Exercise data
>>>

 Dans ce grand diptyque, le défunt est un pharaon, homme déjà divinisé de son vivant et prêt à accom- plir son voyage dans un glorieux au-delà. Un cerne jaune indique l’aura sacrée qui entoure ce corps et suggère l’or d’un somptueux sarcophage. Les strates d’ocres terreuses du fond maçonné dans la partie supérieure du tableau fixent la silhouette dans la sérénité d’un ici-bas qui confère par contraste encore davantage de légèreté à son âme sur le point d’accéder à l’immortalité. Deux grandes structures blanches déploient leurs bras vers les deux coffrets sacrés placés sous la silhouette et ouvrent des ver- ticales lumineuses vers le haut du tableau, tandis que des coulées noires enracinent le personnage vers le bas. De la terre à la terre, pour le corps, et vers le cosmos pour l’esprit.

<<<
>>>

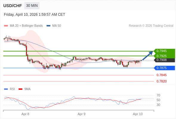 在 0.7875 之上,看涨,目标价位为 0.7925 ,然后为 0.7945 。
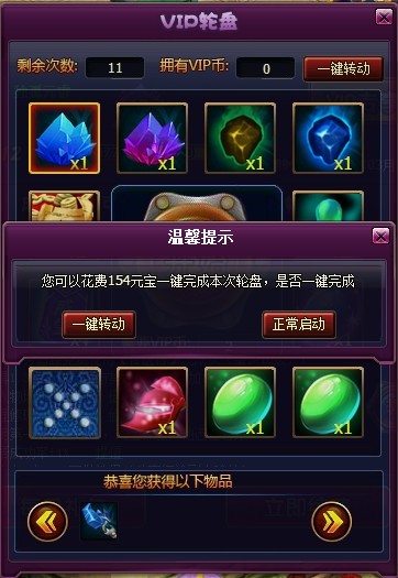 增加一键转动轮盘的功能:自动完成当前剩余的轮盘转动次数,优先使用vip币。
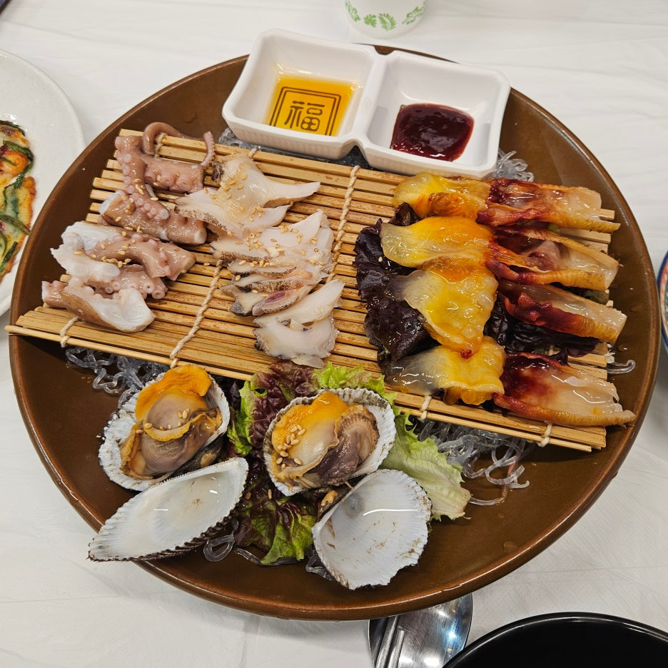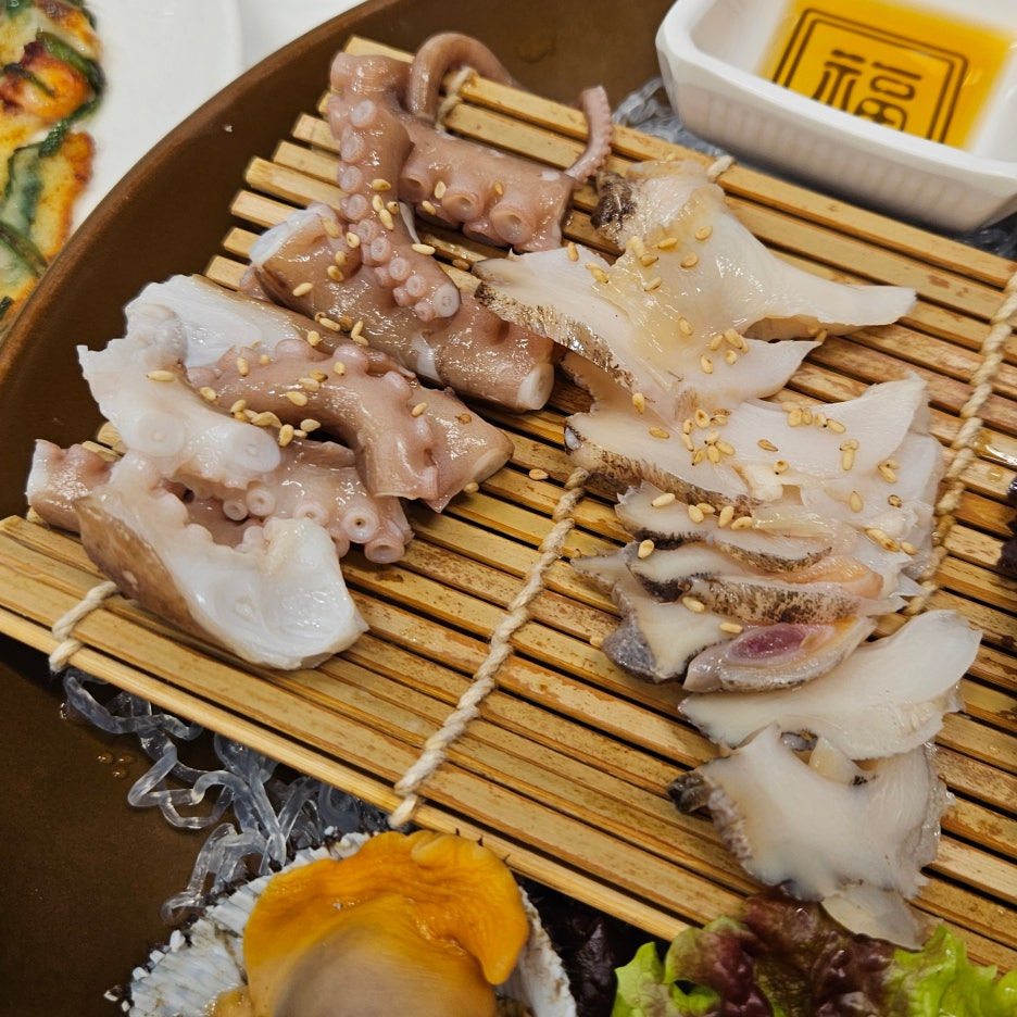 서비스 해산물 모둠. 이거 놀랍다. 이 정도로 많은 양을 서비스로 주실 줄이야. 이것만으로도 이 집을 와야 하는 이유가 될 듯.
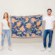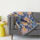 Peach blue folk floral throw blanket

<<<

Work to be completed
Keep to the stretch from the line containing "서비스 해산물 모둠." through the line containing "Peach blue folk floral throw blanket", both ends included, and copy it exactly from the listing above, minus the pictures.

Solution for this exercise
 서비스 해산물 모둠. 이거 놀랍다. 이 정도로 많은 양을 서비스로 주실 줄이야. 이것만으로도 이 집을 와야 하는 이유가 될 듯.
 Peach blue folk floral throw blanket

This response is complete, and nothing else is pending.